To solve the linear system, we use TFQMR method (line 66), as an example. Other solvers can be used as well (see the namespace \ref TNL::Solvers::Linear). The solver needs only one template parameter which is the matrix type. Next we create an instance of the solver (line 67 ) and set the matrix of the linear system (line 68). Note, that matrix is passed to the solver as a shared smart pointer (\ref std::shared_ptr). This is why we created an instance of the smart pointer on the line 24 instead of the sparse matrix itself. The solver is executed on the line 69 by calling the method \ref TNL::Solvers::Linear::LinearSolver::solve. The method accepts the right-hand side vector \f$ \vec b\f$ and the solution vector \f$ \vec x\f$.

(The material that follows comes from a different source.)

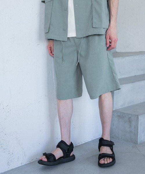 セットアップ対応爽やか素材のショートパンツで夏を楽しくドライタッチのポリエステル素材を使用したショートパンツ。ワイドシルエットにワーク調のディテールで存在感のあるデザインに。夏にぴったりのカラッとした爽やかな素材感で暑い季節ほど使いやすいアイテムです。同素材のシャツと組み合わせたセットアップもおすすめです。※屋外の光や照明の当たり具合で、実際の商品の色味とカラー別画像の色味に違いが発生する場合がございます。商品の色味はスタジオ撮影の詳細画像にてご確認ください。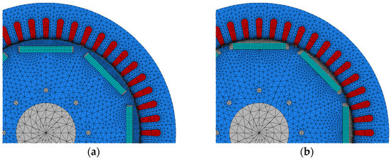 Two-dimensional FEM electromagnetic model—geometry and mesh of two variants of generators: (a) H-SIPM-01, (b) H = SM-07, and (c) circuit model of the bridge.

The result looks as follows:
\include IterativeLinearSolverExample.out
Solution of large linear systems may take a lot of time. In such situations, it is useful to be able to monitor the convergence of the solver of the solver status in general. For this purpose, TNL offers solver monitors. The solver monitor prints (or somehow visualizes) the number of iterations, the residue of the current solution approximation or some other metrics. Sometimes such information is printed after each iteration or after every ten iterations. The problem of this approach is the fact that one iteration of the solver may take only few milliseconds but also several minutes. In the former case, the monitor creates overwhelming amount of output which may even slowdown the solver. In the later case, the user waits long time for update of the solver status. The monitor in TNL rather runs in separate thread and it refreshes the status of the solver in preset time periods. The use of the iterative solver monitor is demonstrated in the following example.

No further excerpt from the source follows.